Depuis le temps que j’écris ici que le 9-3 saisira un jour l’ONU pour son indépendance et un 194° poste à New York !!!

PIstou

La connerie est vraiment une spécialité française même si le 93 n’est plus un territoire francais. Mais qu’est ce qu’on attend pour renvoyer toutes ces pourritures dans leur pays, a j’oubliais il paraît que moncon est aux commandes de la france.

patphil

les autres avant les notres !
voila un slogan nouveau que les islamogauchistes pourraient entonner en choeur

François Desvignes

L’ONU n’a pas de juridiction sur la France.

Et les Tribunaux de l’ordre administratif ont seuls compétence pour statuer sur les recours en plein contentieux contre l’État.

Si ces haineux de la France se plaignent des conséquences de leur idéologie et qu’ils n’ont aucune faute de service à démontrer contre l’Etat, le mieux serait de se mettre en cessation d epaiment et ainsi de transférer la gestion du 93 à la préfecture !

Effet hiroshima garanti !

BERNARD

Que les pauvres abandonnent leurs enfants en bas âge !! Voici me semble -t-il une excellente idée si un grand nombre le fait. (D’autant plus que ce n’est pas irréversible!)
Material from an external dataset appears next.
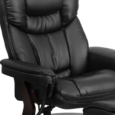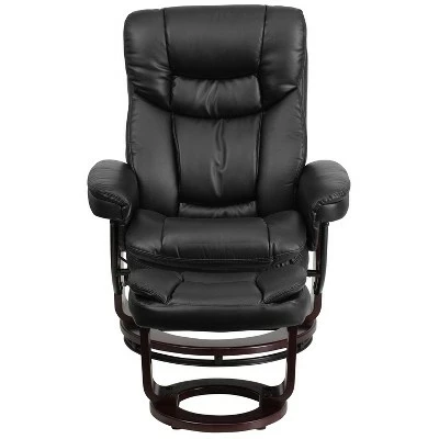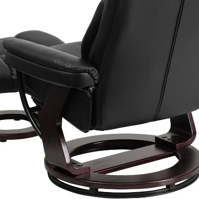 Get cozy and relaxed with this LeatherSoft upholstered recliner chair and ottoman set. Turn on your Egyptian oil diffuser, add some rejuvenating eye gels, and your microwavable neck pillow and let go of the day. Covered in soft and durable LeatherSoft upholstery, our reclining chair and ottoman set lends elegance to any room. A neutral light color complements any décor. Ample foam padding in the seat, back and armrests creates an exceptionally plush feel while the integrated headrest helps support your whole body. The base of this swivel recliner and ottoman set is crafted from sturdy wood and finished in a rich mahogany color. Ball-bearing construction in the base creates a smooth swivel movement. Modify the position of your recliner from upright to full recline with the lever located just below the right arm. Keep your hard flooring surfaces protected with the built-in floor glides. Additional Features: Ottoman Size: 19.75″W x 18″D x 16.25″H, Recliner Chair has Ball-Bearing Swiveling Wood Base with Floor Protector Glides, Spot clean with damp cloth, LeatherSoft is leather and polyurethane for added Softness and Durability, This product cannot ship to Canada

Si en plus on cumule avec la grève générale, ça pourrait faire bobo du côté de Bercy et du gvt.
Par ailleurs, il me semble que même s’ils abandonnent leurs enfants ils continuent à toucher une partie des allocs (info à vérifier)

Dubois

Oui, ils touchent alloc et primee de rentrée des classes alors que les endants sont en famille d’accueil, ou en lieu de vie
Elle est pas belle la France!!!!!!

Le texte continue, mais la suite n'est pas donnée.